Given a sample $ X_1,X_2 \dots X_{100}$ and the density function $ f(x;\theta) = \frac{1}{\pi \cdot \left(1+\left(x-\theta \right)^2\right)}$ , find an approximate solution for $\hat{\theta}_{MLE.}$
My attempt:
I have found the joint likelihood $L(\theta;x_1,x_2\dots x_{100}) = \prod _{i=1}^{100}\left(\frac{1}{\pi \cdot \left(1+\left(x_i-\theta \right)^2\right)}\right)\:$
$l$ = $\log(L) = -100*\ln(\pi)-\sum^{100}_{i=1}(\ln(1+(x-\theta)^2)$.
I'm not sure of this step
$\frac{\partial }{\partial \theta}\left(\log(L)\right) = \sum_{i=1}^{100}(\frac{2(x_i-\theta)}{1+(x_i-\theta)^2}$
then I used Newton's method to find the maxima.

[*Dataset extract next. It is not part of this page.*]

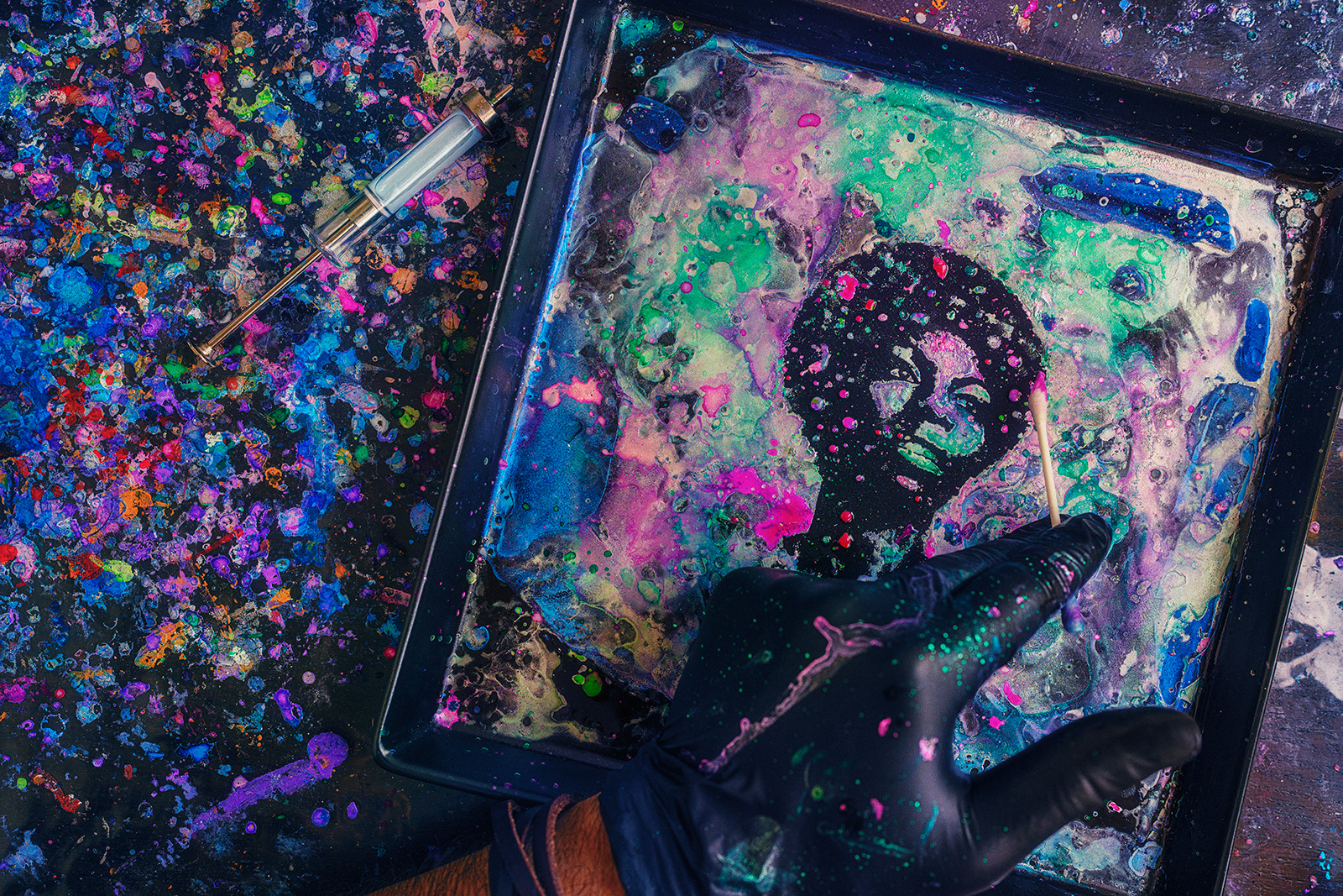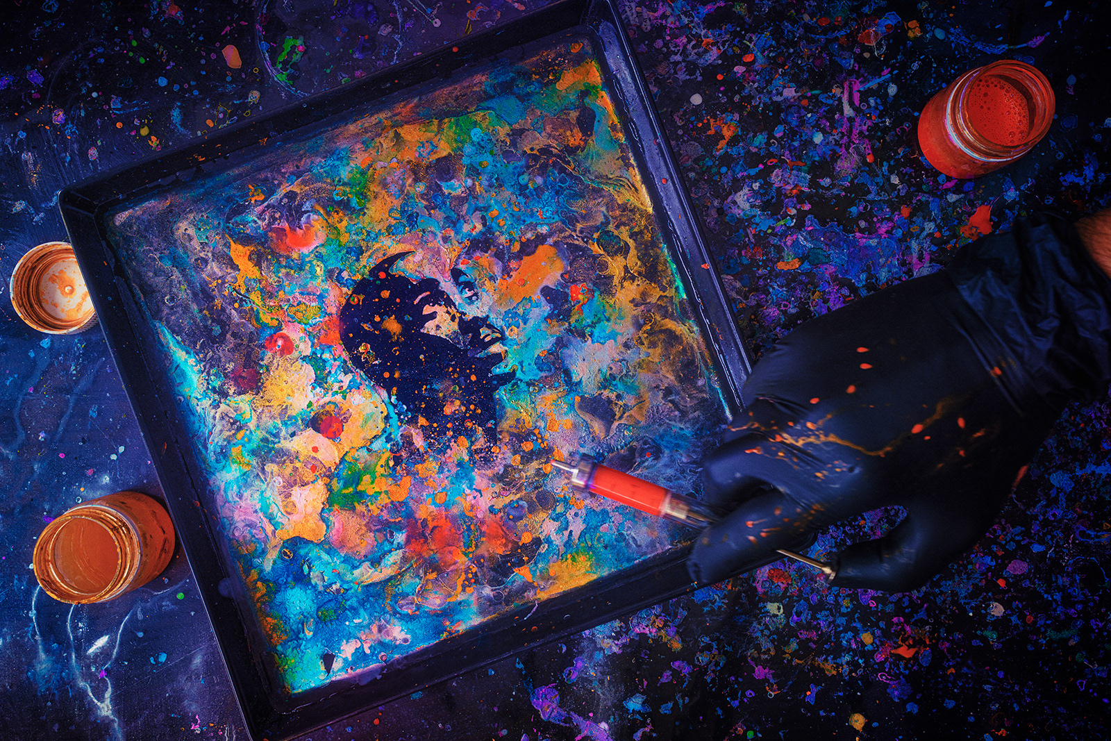 This experimental project is a continuation of my past work in a technique that I have been developing for 10 years. This time I decided to create portraits of some of my favorite musical artists. In this project, I used ink, oil and water, to create stunning and unique representation of the fluid dynamics captured in the portraits. The process of creating a fluid portraits is challenging. The nature of liquids is unpredictable and requires multiple attempts to achieve the desired result. This is meditative and exciting process, as the liquids move and blend in unexpected ways.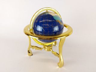 Joli globe terrestre avec incrustation de pierres variées et son support en métal - mesurant 9 pouces de hauteur

this is the script I used to calculate the maxima
#deravitive of log(L).
fun1 <- function(theta){
y1 <- 0
for(i in 1:length(x)){
y1 <- y1 + (2*(theta-x[i]))/(1+(x[i]-theta)^2)
}
return(y1)
}
#derivative of fun1.
fun1.tag <- function(theta){
y <- 0
for(i in 1:length(x)){
y <- 2(theta^2+(x[i]^2)-20x[i]-1)/((1+(x[i]-theta)^2)^2)
}
return(y)
}
The Newton's method.
guess <- function(theta_guess){
theta2 <- theta_guess - fun1(theta_guess)/fun1.tag(theta_guess)
return(theta2)
}
theta1 <- median(data$x)
epsilon <- 1
theta_before <- 0
while(epsilon >0.0001){
theta1 <- guess(theta1)
epsilon <- (theta_before- theta1)^2
theta_before <- theta1
}
What I got was $\hat{\theta}_{MLE} = 5.166$
I'm now trying to plot the data(in my case x) and check if $\hat{\theta}_{MLE} = 5.166$ is actually a maxima.